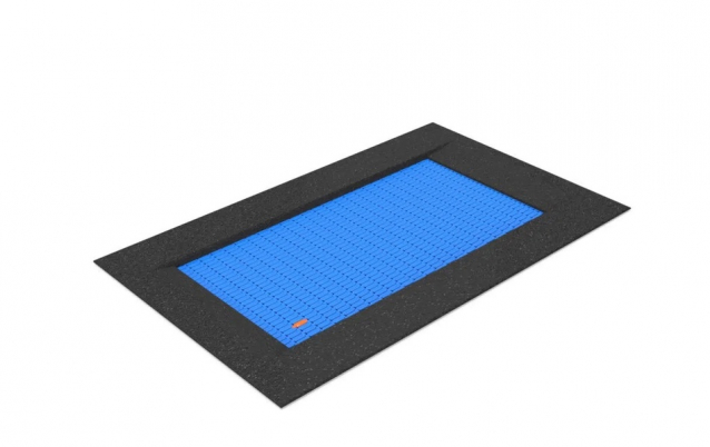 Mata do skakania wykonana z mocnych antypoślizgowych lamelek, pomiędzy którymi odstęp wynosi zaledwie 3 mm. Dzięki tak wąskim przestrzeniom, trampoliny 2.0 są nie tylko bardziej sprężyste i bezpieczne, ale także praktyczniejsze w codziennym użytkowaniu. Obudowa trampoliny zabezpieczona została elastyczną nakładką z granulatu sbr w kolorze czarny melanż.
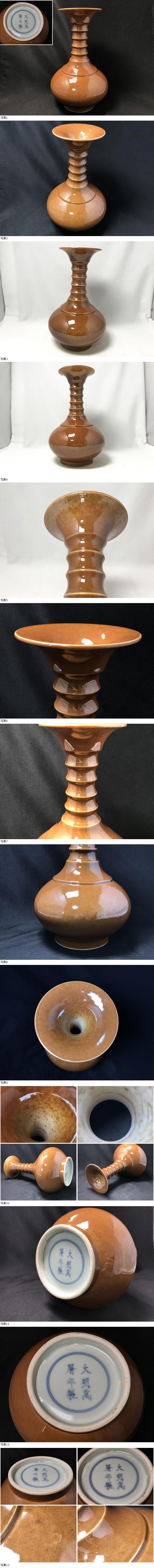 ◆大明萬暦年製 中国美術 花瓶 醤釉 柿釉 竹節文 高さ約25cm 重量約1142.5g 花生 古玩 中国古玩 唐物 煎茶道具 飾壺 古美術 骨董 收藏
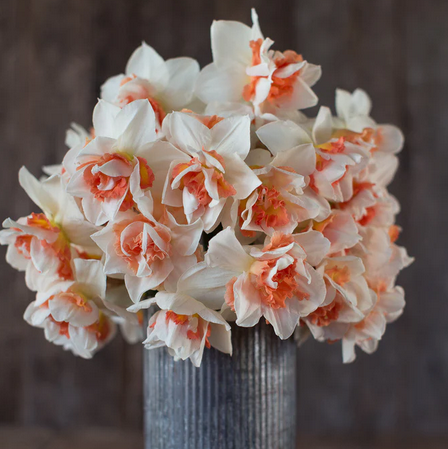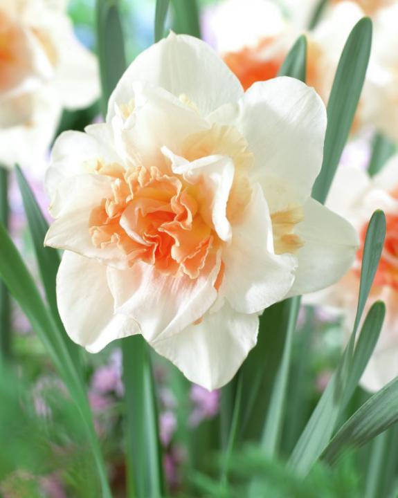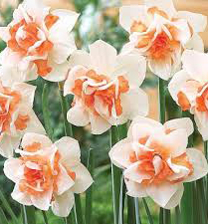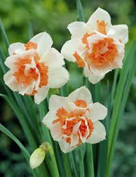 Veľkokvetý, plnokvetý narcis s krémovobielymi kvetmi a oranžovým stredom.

---

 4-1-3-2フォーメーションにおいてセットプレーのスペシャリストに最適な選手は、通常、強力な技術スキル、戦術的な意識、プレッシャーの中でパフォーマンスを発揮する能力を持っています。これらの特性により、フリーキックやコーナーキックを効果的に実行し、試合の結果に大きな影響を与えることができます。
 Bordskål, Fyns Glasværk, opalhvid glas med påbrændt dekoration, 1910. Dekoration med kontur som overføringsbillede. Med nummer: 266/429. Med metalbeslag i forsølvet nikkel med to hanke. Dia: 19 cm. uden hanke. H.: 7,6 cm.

==

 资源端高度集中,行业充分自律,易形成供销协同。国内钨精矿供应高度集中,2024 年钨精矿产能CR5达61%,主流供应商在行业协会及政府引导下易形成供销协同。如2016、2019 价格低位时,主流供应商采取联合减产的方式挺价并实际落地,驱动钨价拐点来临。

▸ EXERCISE OBJECTIVE
When you reach the line containing "Mata do skakania" in the entries above, begin restating word for word, and stop once the line containing "Veľkokvetý, plnokvetý narcis" has been given. Omit the pictures.

▸ YOUR RESPONSE
 Mata do skakania wykonana z mocnych antypoślizgowych lamelek, pomiędzy którymi odstęp wynosi zaledwie 3 mm. Dzięki tak wąskim przestrzeniom, trampoliny 2.0 są nie tylko bardziej sprężyste i bezpieczne, ale także praktyczniejsze w codziennym użytkowaniu. Obudowa trampoliny zabezpieczona została elastyczną nakładką z granulatu sbr w kolorze czarny melanż.
 ◆大明萬暦年製 中国美術 花瓶 醤釉 柿釉 竹節文 高さ約25cm 重量約1142.5g 花生 古玩 中国古玩 唐物 煎茶道具 飾壺 古美術 骨董 收藏
 Veľkokvetý, plnokvetý narcis s krémovobielymi kvetmi a oranžovým stredom.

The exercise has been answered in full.